The system of Mohist logic and its methodology (新原辩)

Start - End 
2018 - 2024 (ongoing)
Department of Languages and Cultures
Research Period 
Research Region 
Research Language 
Research Methodology 



The research project The System of Mohist Logic and Its Methodology engages with the work «Mozi» (《墨子》, mò zǐ), ascribed to the philosopher Mozi (墨子, trad. ca.470–391 BCE). The scholarship does not agree with the number of chapters of this work that represents the so-called “Mohist logic”, or, traditionally also called “Mohist dialectics” (墨辩, mò biàn). According to some scholars, the chapters “Cannon I” (经上, jīng shàng), “Canon II” (经下, jīng xià), “Inferences from Canon I” (经说上, jīngshuō shàng, or maybe jīngshuì shàng), “Inferences from Canon II” (经说下, jīngshuō xià, or maybe jīngshuì xià), “Mohist Prior Analytics” (大取, dà qǔ), and finally “Mohist Posterior Analytics” (小取, xiǎo qǔ) are the six chapters in which the actual Mohist logic is developed. They refer to these six chapters as the actual «Mojing» (《墨经》, mò jīng).

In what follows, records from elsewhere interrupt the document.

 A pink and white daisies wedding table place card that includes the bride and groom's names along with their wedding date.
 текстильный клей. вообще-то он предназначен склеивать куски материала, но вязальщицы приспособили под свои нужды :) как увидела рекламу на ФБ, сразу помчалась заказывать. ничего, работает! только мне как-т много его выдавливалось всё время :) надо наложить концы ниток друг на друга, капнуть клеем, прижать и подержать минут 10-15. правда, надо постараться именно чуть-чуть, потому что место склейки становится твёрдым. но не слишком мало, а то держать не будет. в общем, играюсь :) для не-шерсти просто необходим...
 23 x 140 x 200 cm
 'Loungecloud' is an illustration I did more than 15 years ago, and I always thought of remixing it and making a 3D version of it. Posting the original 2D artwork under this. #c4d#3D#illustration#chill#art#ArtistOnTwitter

According to other scholars, the actual «Mojing» only covers four chapters: “Cannon I”, “Canon II”, “Inferences from Canon I”, and “Inferences from Canon II”.

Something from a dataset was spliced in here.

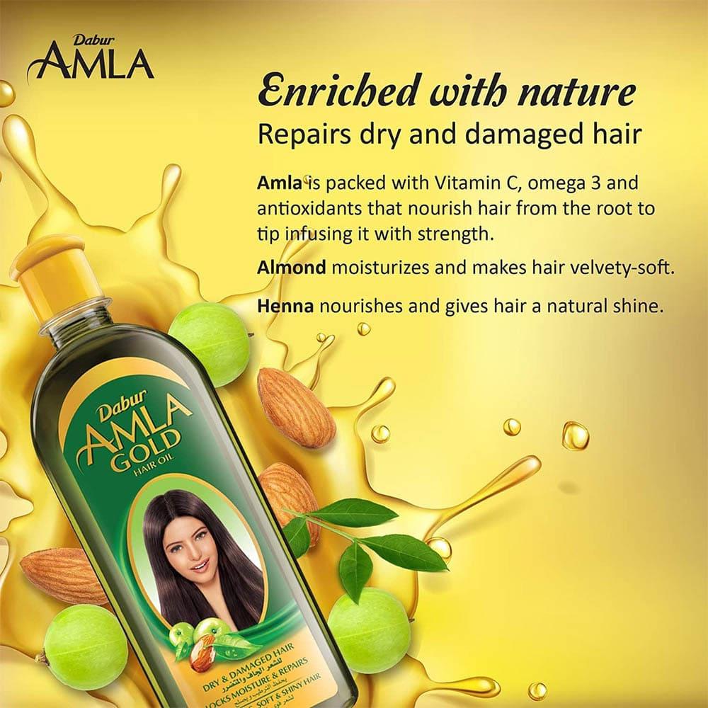 دابر املا زيت الذهبي للشعر الجاف والمتضرر زيت شعر مغذي ومخصص لترطيب وإصلاح الشعر الجاف والمتضرر. يحتوي هذا الزيت على مزيج من زيوت طبيعية غنية بالفيتامينات والعناصر المغذية التي تعمل على تعزيز صحة الشعر وإعادة بناء الأجزاء المتضررة منه. التركيبة تحتوي على خلاصة الأملا، المعروفة بفوائدها العديدة لتغذية الشعر وتقويته، بالإضافة إلى زيوت أخرى تعمل على ترطيب الشعر بعمق وإعادة حيويته.
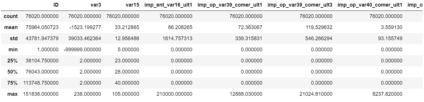 var3 컬럼의 경우 min 값이 -999999이다. 이 값은 NaN이나 특정 예외 값을 -999999로 변환한 것으로 보인다.

        Although the «Mozi» also contains chapters on fields such as natural sciences, ethics, psychology, economics, epistemology, politics, architecture, etc., its chapters on logic show to be more refined and more systematic than those in other pre-Qin texts solely dealing with logic, such as the works of the “School of Names” (名家, míngjiā ). The «Mojing» thus is the most systematic work on logic of pre-Qin China.

        The reason why the term “Mohist logic”, not “logic in Mohism”, is used for 墨家逻辑 (mòjiā luójí) is related to the discussion whether or not there is something as Chinese logic, rather than logic in China. This issue touches on the question whether there is a traditional Chinese logical system which differs from ancient Greek logic or not.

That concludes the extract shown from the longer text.